■ Exercise ■
With the pictures removed, write out the full listing below exactly.

■ Stored data ■

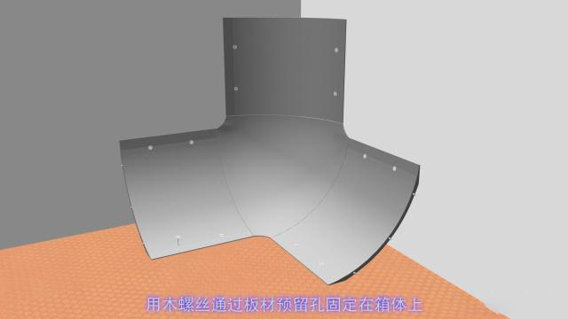 (1)鋁制藍(lán)箱弧面板,球面板,充分利用了鋁材的韌性,塑性的性質(zhì),安裝后強度高,不變形,防火防潮防蛀,對箱體直角角度和立面平整精度要求不高。1首先在球面板的三個方向用螺絲各連接一塊弧面板,2將連接好的整體安放于墻角,找好三個方向箱體的距離,用木螺絲通過板材預(yù)留孔固定在箱體上。弧面板依次按需要的長度連接,和事先安好的部分對接,但兩部分對接頭不需要螺絲連接,超長部分用角磨機鋸掉,用木螺絲將連接好的弧面板固定于箱體上,至此,球面板弧面板安裝完成,一般情況下2—3小時即可完工。3在鋁制弧面板球面板表面上薄刮一層膩子一遍。5小時后,如同普通墻面一樣,進行石膏找平等下一道工序。
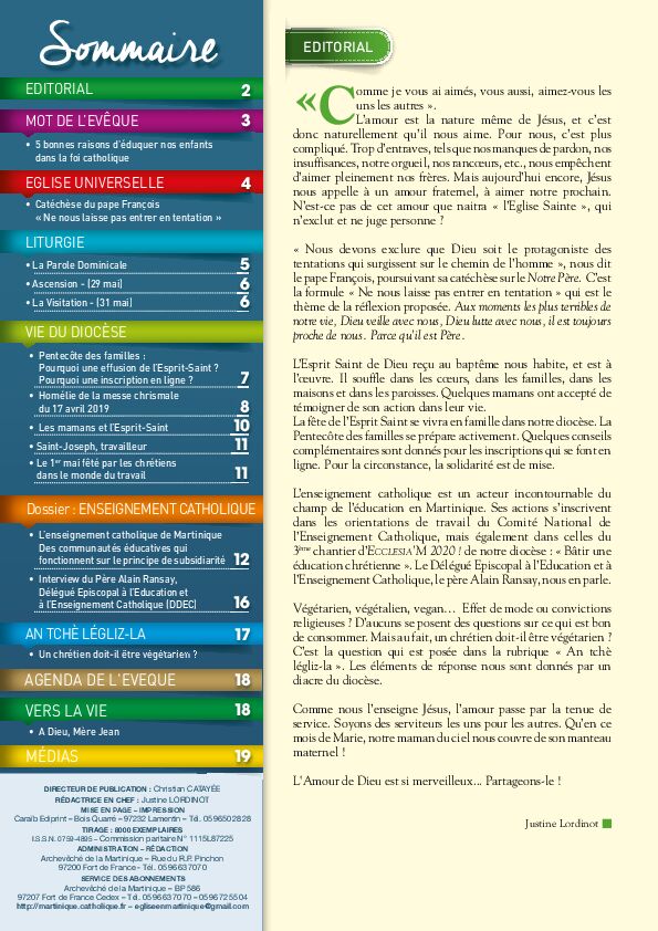 I.S.S.N. 0759-4895 – Commission paritaire N° 1115L87225 ADMINISTRATION – RÉDACTION Archevêché de la Martinique – Rue du R.P. Pinchon 97200 Fort de France - Tél. 05 96 63 70 70
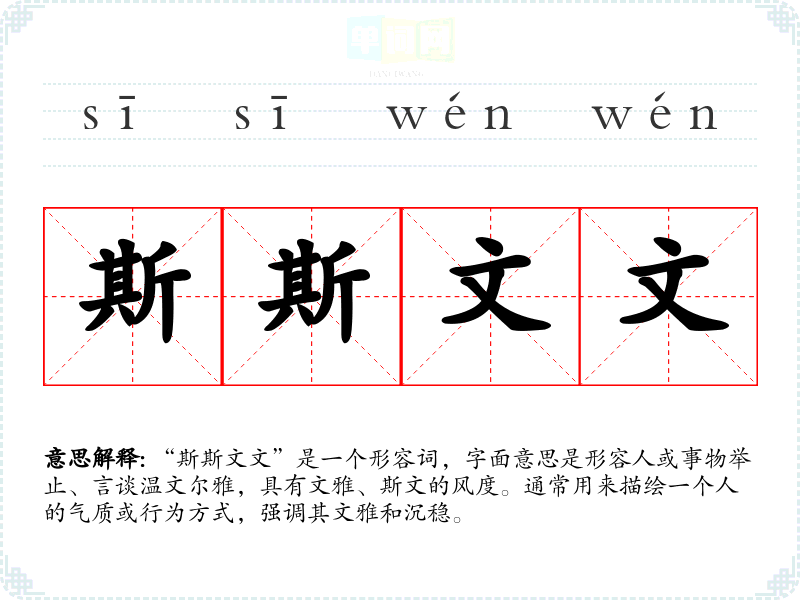 “斯斯文文”是一个形容词,字面意思是形容人或事物举止、言谈温文尔雅,具有文雅、斯文的风度。通常用来描绘一个人的气质或行为方式,强调其文雅和沉稳。
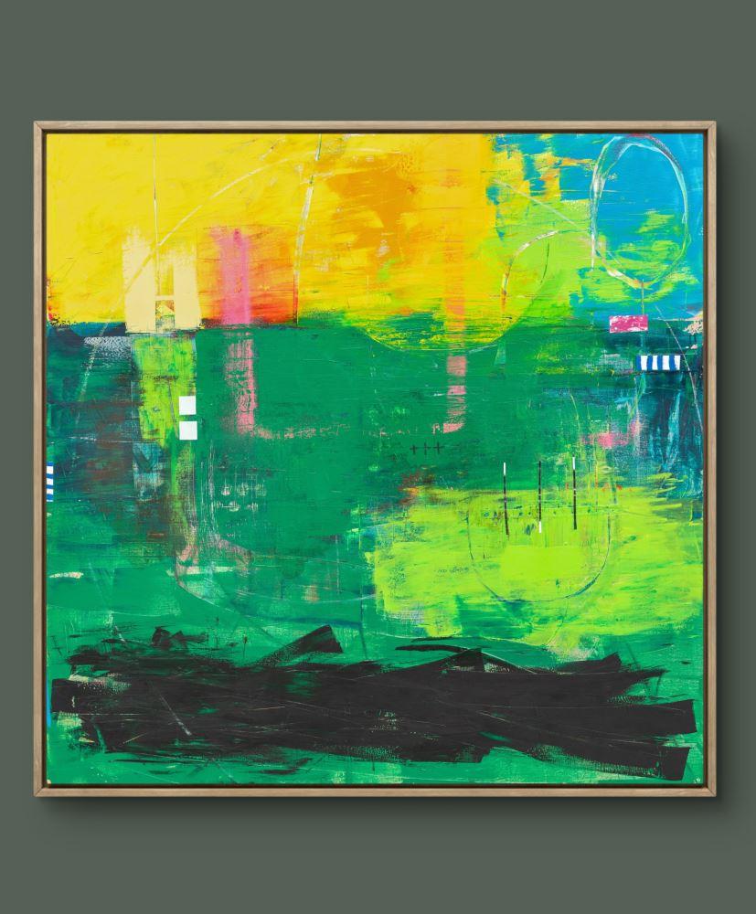 Tethered is an abstract mixed-media painting that balances vibrant energy with quiet structure. Layers of luminous yellow and rich green are built through gestural marks, translucent washes, and linear elements that suggest both movement and intention.

■ Written answer ■
 (1)鋁制藍(lán)箱弧面板,球面板,充分利用了鋁材的韌性,塑性的性質(zhì),安裝后強度高,不變形,防火防潮防蛀,對箱體直角角度和立面平整精度要求不高。1首先在球面板的三個方向用螺絲各連接一塊弧面板,2將連接好的整體安放于墻角,找好三個方向箱體的距離,用木螺絲通過板材預(yù)留孔固定在箱體上。弧面板依次按需要的長度連接,和事先安好的部分對接,但兩部分對接頭不需要螺絲連接,超長部分用角磨機鋸掉,用木螺絲將連接好的弧面板固定于箱體上,至此,球面板弧面板安裝完成,一般情況下2—3小時即可完工。3在鋁制弧面板球面板表面上薄刮一層膩子一遍。5小時后,如同普通墻面一樣,進行石膏找平等下一道工序。
 I.S.S.N. 0759-4895 – Commission paritaire N° 1115L87225 ADMINISTRATION – RÉDACTION Archevêché de la Martinique – Rue du R.P. Pinchon 97200 Fort de France - Tél. 05 96 63 70 70
 “斯斯文文”是一个形容词,字面意思是形容人或事物举止、言谈温文尔雅,具有文雅、斯文的风度。通常用来描绘一个人的气质或行为方式,强调其文雅和沉稳。
 Tethered is an abstract mixed-media painting that balances vibrant energy with quiet structure. Layers of luminous yellow and rich green are built through gestural marks, translucent washes, and linear elements that suggest both movement and intention.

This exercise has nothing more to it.